Certaines entreprises de transport de fret ont repris cette semaine leurs opérations d’expédition de marchandises par voie maritime des États-Unis vers le Venezuela, bien qu’avec des tarifs plus chers, après plusieurs jours de paralysie en raison de nouvelles réglementations et taxes douanières.
Les services d’expédition porte-à-porte par voie maritime ont été laissés en suspens la semaine dernière, lorsque les autorités ont informé les entreprises du secteur des nouveaux protocoles et taxes pour l’importation maritime de conteneurs.
Entre mercredi et jeudi, certaines de ces entreprises ont indiqué qu’elles réactiveraient bientôt ces transports par voie maritime, mais avec des prix plus élevés.
AC Export, qui expédie des marchandises au Venezuela depuis des villes américaines telles que Miami, Houston, Orlando et Atlanta, a publié une notification sur ses réseaux sociaux pour notifier des « changements importants » dans ses tarifs et politiques d’expédition.
Les expéditions maritimes de cargaisons « personnelles », sans but commercial ou destinées à la vente dans des bodegones, « doivent s’acquitter d’une taxe de 38 dollars par colis », qu’il s’agisse d’un petit, moyen ou gros colis, ont-ils précisé.
Les tarifs montent en flèche
Avant les restrictions annoncées au secteur des services de transport de marchandises la semaine dernière, le prix du pied cube par voie maritime était d’environ 20 dollars.
L’envoi d’une petite boîte de marchandises personnelles coûtait entre 28 $ et 35 $ et maintenant ces 38 $ par boîte s’additionnent. En d’autres termes, à partir des expéditions immédiates par voie maritime, plus du double du tarif précédent sera payé au total.
AC Export a publiquement précisé à ses clients que « toutes les expéditions » devaient être déclarées correctement « pour garantir le bon déroulement de la procédure douanière ».
Cette société a expliqué que les expéditions doivent « être entièrement prépayées ». Il y a quelques jours, il y avait la possibilité de payer les services lorsqu’ils arrivaient à destination.
En ce qui concerne les chargements commerciaux et les marchandises destinées aux bodegones, ils seront facturés « les taxes correspondantes selon le code tarifaire » du Venezuela, plus 16% de taxe sur la valeur ajoutée et « 11% de service douanier », a indiqué la firme.
Oceanika 21, qui expédie depuis les États-Unis, le Panama, l’Espagne et la Chine, a annoncé reprendre ses services par voie maritime à partir du vendredi 21 juillet, soit la semaine prochaine. Il a ajouté qu’ils adaptaient leurs opérations « aux nouvelles dispositions douanières ».
Il a indiqué dans un communiqué envoyé par courriel à ses clients que ses tarifs au pied cube et les boîtes promotionnelles « sont maintenus », bien qu’ils aient noté qu’il y aura « un coût supplémentaire pour les frais de douane de 7 $ par pied cube ».
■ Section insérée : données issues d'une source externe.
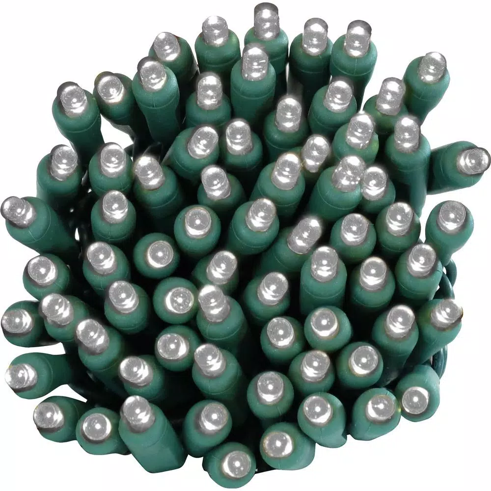 - 22 ft. of lighted length: 23 ft. overall strand length with 22 ft. lighted, LEDs are spaced 3.5 in. apart, each bulb is 0.19 in. T (5 mm) and 0.25 in. L (1 in. including the socket base), 0.6 lb., 8 Lumens per bulb, color temperature: 10000K
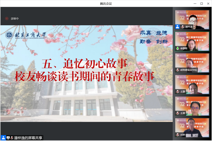 “云端”合影留念环节后,“云返校”活动在悠扬的校歌声中落下帷幕,浓浓的同窗情溢满“云端”网络,直达每个“食院人”的心底。

Obligé de tout déclarer factures en main
Oceanika 21 a également souligné que le fret commercial et industriel « sera soumis à des charges supplémentaires », sans toutefois préciser quels seraient ces montants.
« La déclaration de toutes les cargaisons avec leurs factures et supports respectifs est obligatoire », au plus tard 2 jours avant l’expédition de la cargaison par voie maritime, a-t-il ajouté dans son mail à sa clientèle.
L’entreprise a également souligné que toutes les marchandises dans ses entrepôts et ses points de réception devaient être « redéclarées ».
D’autres entreprises plus anciennes, comme Rima Cargo et Rudy Export, n’ont pas repris leurs expéditions maritimes ni publié d’informations à leur sujet. Ces entreprises ont activement promu leurs expéditions aériennes sur leurs réseaux sociaux.
Les porte-parole du gouvernement de Nicolás Maduro n’ont pas publiquement fait référence à ces nouvelles réglementations douanières du pays. Selon des informations non officielles de la presse locale, la vice-présidente Delcy Rodríguez aurait nié que les services de transport maritime soient paralysés lors d’une réunion privée avec des hommes d’affaires.
Le président vénézuélien a signé et publié un décret plus tôt ce mois-ci où il exonère 90 % et 100 % des taxes à l’importation et à la valeur ajoutée sur les « importations définitives de biens meubles corporels » effectuées par l’administration publique, certains ministères et entreprises de l’État vénézuélien.
Le décret exonère ces tarifs pour les « personnes physiques et morales », à condition que leurs biens soient inclus dans les codes tarifaires de ce décret et qu’ils disposent d’un certificat de production non nationale délivré par le gouvernement.
Selon le décret, le gouvernement cherche à « optimiser la distribution des biens et services » et à favoriser la production nationale de divers produits et articles.